Cet amateur de musique de film puise aussi bien ses inspirations dans le rock psychédélique que progressif, citant King Crimson entre autres influences. Pour décrire son style tout en relief, qui use volontiers de l’ascenseur émotionnel, une formule lui colle médiatiquement à la peau : son « clair-obscur ». Mélange d’envolées célestes et de retombées mélancoliques, sa signature sonore, rehaussée de sa voix abrasée, n’entend ni moderniser, ni cannibaliser la musique classique. Juste offrir autre chose.

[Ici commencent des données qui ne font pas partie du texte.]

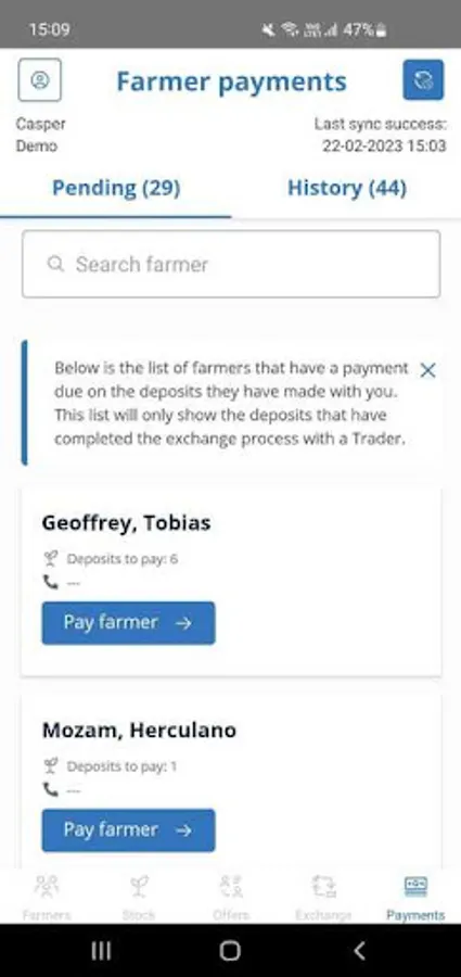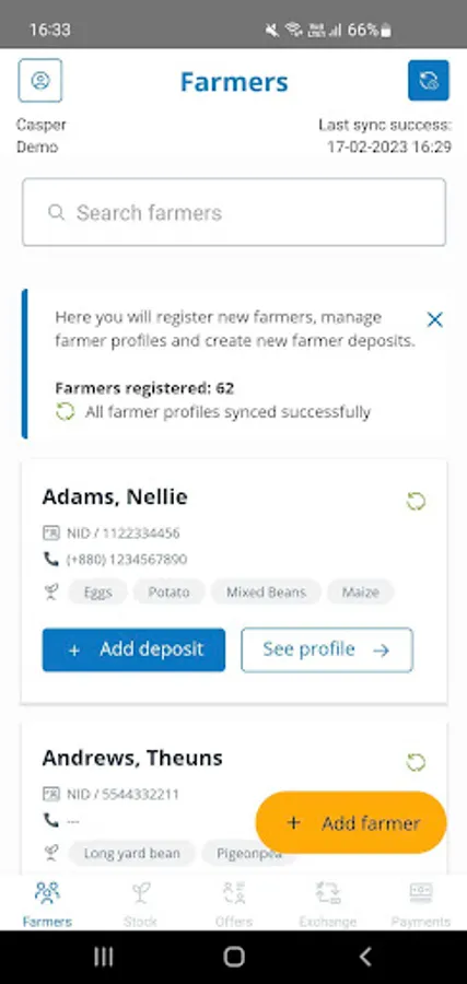 Farm2Go connects smallholder farmers to new markets, giving them an increased chance to earn a better price for their commodities. The mobile application for Aggregators streamlines their operations, allowing them to register farmers, collect deposits, and keep track of stock, all while working offline in remote areas. The web application for Traders provides a platform for viewing available stock and negotiating offers with Aggregators, resulting in improved business relationships. Smallholder farmers receive SMS notifications on all system activities, ensuring transparency and accountability in the value chain.

Séduite par sa singularité, Radio France lui livre l’an passé les clés de son auditorium et lui laisse carte blanche pour revisiter l’œuvre du compositeur russe Moussorgski. Depuis, ses cheveux ondulés ont poussé. Avec sa barbe de légionnaire, il assume ses faux airs de Julien Doré. « Parfois, j’ai même le droit à Jésus », sourit-il. Lorsque la crise sanitaire touche durement le milieu musical, lui la vit comme une montée au ciel. Son premier album à peine sorti, Arte choisit d’organiser la captation télévisée d’un de ses concerts, dans un théâtre du Châtelet désert – précaution oblige – à une semaine du premier confinement.

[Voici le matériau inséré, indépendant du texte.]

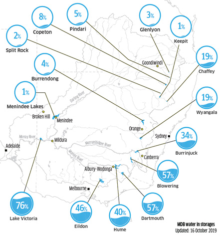 Regional towns are running out of water with dam levels dangerously low e.g. Current level and volume for Stanthorpe are 17% and 351 megalitres (ML) and, based on latest data and targeted usage, expected to run out in December 2019/January 2020. https://www.sdrc.qld.gov.au/living-here/water-wastewater/water-update  The drought is having a devastating effect on vineyards, fruit and vegetable crops in the area. https://www.abc.net.au/news/2019-10-20/stanthorpe-farmers-go-to-incredible-lengths-in-bushfires-drought/11616826

« C’était une chance inouïe, un véritable « crash test », alors que nous sortions tout juste de résidence avec l’orchestre. La chaîne a largement repartagé l’événement, contribuant à la promotion de l’album et renforçant notre crédibilité dans le milieu ». Le scenario semble se répéter pour ses retrouvailles avec le festival Chorus, en avril prochain, cinq ans après son passage sur la terrasse de La Seine Musicale. Là encore, Laake et son orchestre sortiront d’une résidence, à Nancy cette fois. « C’est vraiment un challenge de jouer dans l’auditorium Patrick-Devedjian, reconnaît-il. Du reste, cette salle jouit d’une acoustique hors norme et puis, à force de répétitions, nous aurons rôdé notre nouvelle configuration ». De quoi électriser les foules, en toute sécurité.